TASK DESCRIPTION
For this exercise, retype each line of the material below verbatim and omit any picture.

PROVIDED MATERIAL
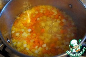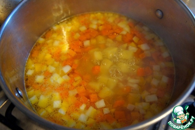 Переложить зажарку в кастрюлю и влить 800 г горячей воды. Посолить, поперчить. Довести до кипения и варить на маленьком огне 5 минут.
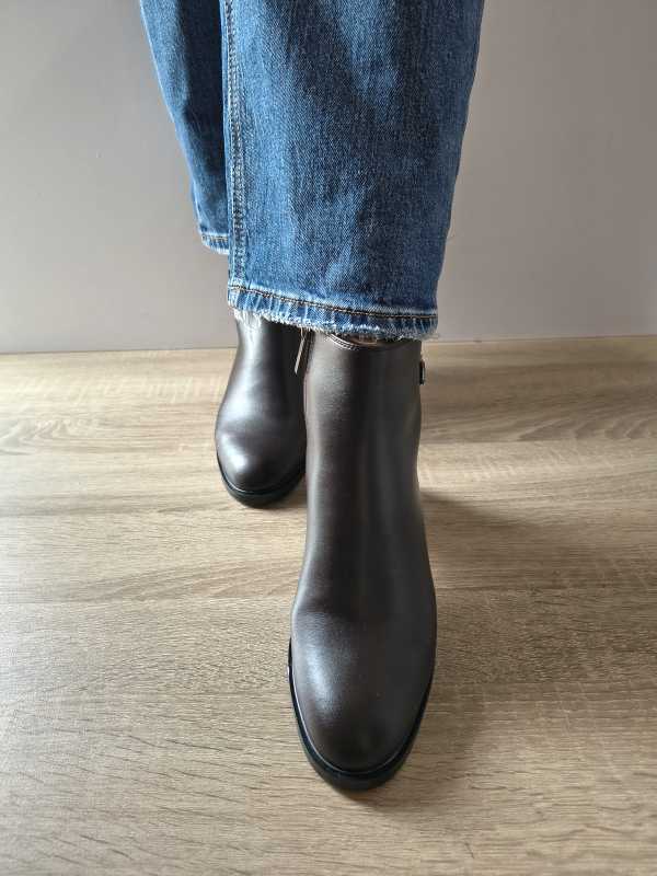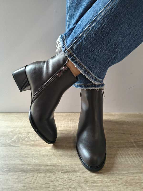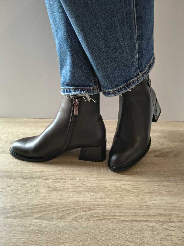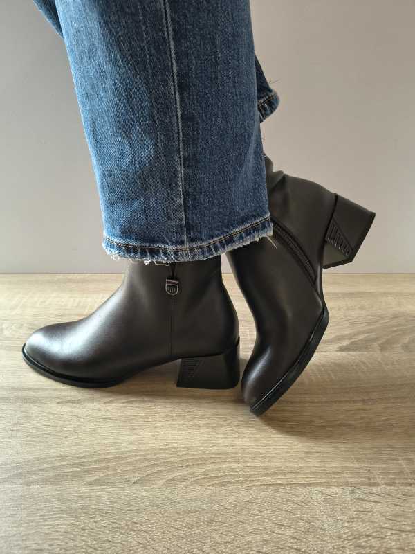 Ghete elegante din piele naturală, într-o nuanță rafinată de maro închis, potrivite pentru ținutele de zi cu zi sau pentru birou. Designul clasic este completat de detaliul discret metalic în partea superioară și de tocul mic, stabil, care oferă confort la purtare. Fermoarul lateral permite o încălțare rapidă și practică, păstrând totodată un aspect elegant.
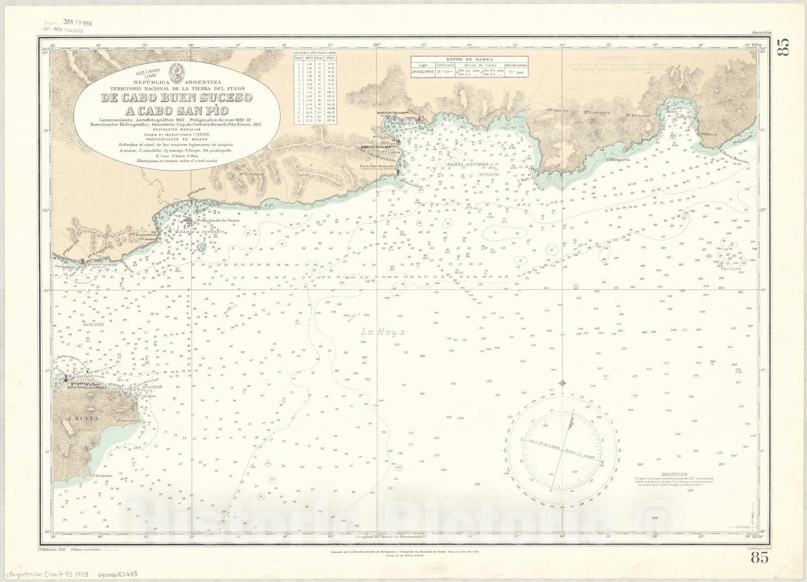 Map : Bahia Aguirre, Argentina 1953, Republica Argentina, Territorio Nacional de la Tierra del Fuego, de Cabo Buen Suceso a Cabo san Pio , Antique Vintage Reproduction
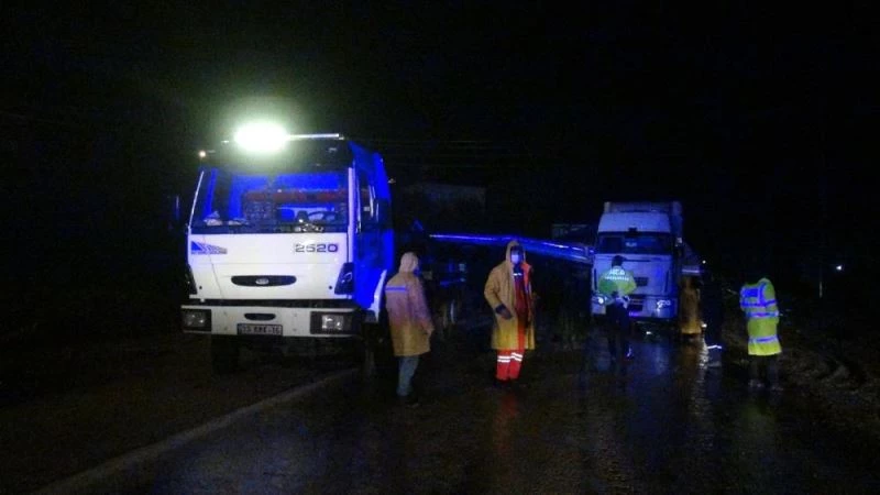 Halil A'nın kullandığı 31 AFN 812 plakalı tır, Değirmendere mevkisinde sağanak nedeniyle kontrolden çıkarak devrildi.

TASK SOLUTION
 Переложить зажарку в кастрюлю и влить 800 г горячей воды. Посолить, поперчить. Довести до кипения и варить на маленьком огне 5 минут.
 Ghete elegante din piele naturală, într-o nuanță rafinată de maro închis, potrivite pentru ținutele de zi cu zi sau pentru birou. Designul clasic este completat de detaliul discret metalic în partea superioară și de tocul mic, stabil, care oferă confort la purtare. Fermoarul lateral permite o încălțare rapidă și practică, păstrând totodată un aspect elegant.
 Map : Bahia Aguirre, Argentina 1953, Republica Argentina, Territorio Nacional de la Tierra del Fuego, de Cabo Buen Suceso a Cabo san Pio , Antique Vintage Reproduction
 Halil A'nın kullandığı 31 AFN 812 plakalı tır, Değirmendere mevkisinde sağanak nedeniyle kontrolden çıkarak devrildi.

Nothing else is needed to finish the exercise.